One Bad Apple Lowers Team Performance Up to 40%

“[Will] Felps estimates that teams with just one deadbeat, downer, or asshole suffer a performance disadvantage of 30 to 40 percent compared to teams that have no bad apples.” (Bob Sutton in Good Boss Bad Boss.)

Will Felps describes three types of bad apples:

  1. Jerks. Embarrass or insult people. Other people’s ideas are inadequate.
  2. Slackers. Sending texts in meetings. Saying, “Whatever.”
  3. Depressive pessimists. Depressives are doubters. They put their heads down on the table, for example.

Teams with bad apples argued more and take on characteristics of bad apple behavior.
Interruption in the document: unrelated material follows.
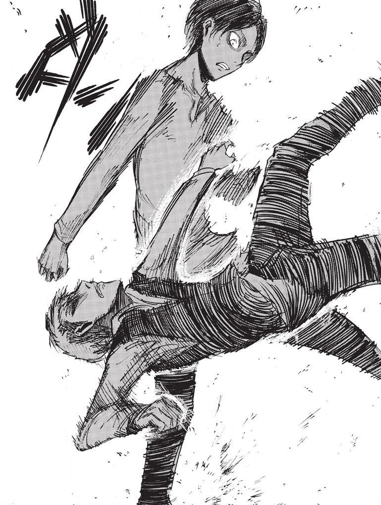 Eren and Reiner are practicing hand-to-hand combat when they see Annie Leonhart slacking off and Reiner volunteers Eren to challenge her. After they duel and she easily defeats both of them, Eren asks her where she learned to fight. She states that all of this is pointless, and gives him a closer look inside the military system. Later on in the mess hall, Eren hears Jean Kirstein bragging about his skills. Annoyed, this causes Eren to fight with him and flips Jean with Annie's technique when he grabs Eren's shirt, lecturing him and saying he is a coward only joining the Military Police Brigade for safety, catching Annie's attention. When the sound of the commotion attracted the instructor, Mikasa passed it off as Sasha Blouse passing gas, much to her embarrassment. The next day in the training grounds, Annie and Eren notice Jean working harder. When Eren asks Annie for her opinion on his kicks, Annie dismays them and offers to teach Eren. When he turns her down she tells him he does not need to hold back and Eren agrees to the lessons.

They insult each other more frequently and give up sooner, for example.

(Will Felps on This American Life.)

Bad apples spoil teams and healthy team dynamics is more important than top talent.

Top performance requires teams that work. 

5 behaviors of teams that work:

  1. Everyone on the team talks and listens in roughly equal measure, keeping contributions short and sweet.
  2. Members face one another, and their conversations and gestures are energetic.
  3. Members connect directly with one another—not just with the team leader.
  4. Members carry on back-channel or side conversations within the team.
  5. Members periodically break, go exploring outside the team, and bring information back.

(Research by MIT reported in HBR)

7 practical suggestions:

  1. Remove or marginalize bad apples.
  2. Put all the bad apples on one team, if you can’t remove them. Don’t try to dilute their toxicity by spreading them over several teams.
  3. Work on team dynamics, not just getting things done.
  4. Encourage team members to talk to each other, not to the person at the head of the table. “Bob, what does Mary’s suggestion make you think?”
  5. Send team members out to learn from other organizations.
  6. Divide teams into small groups that talk to each other.
  7. Prepare quiet people to make contributions. “Wilma, would you come prepared to give your thoughts on item #2 on our agenda?”

How might leaders build teams that work?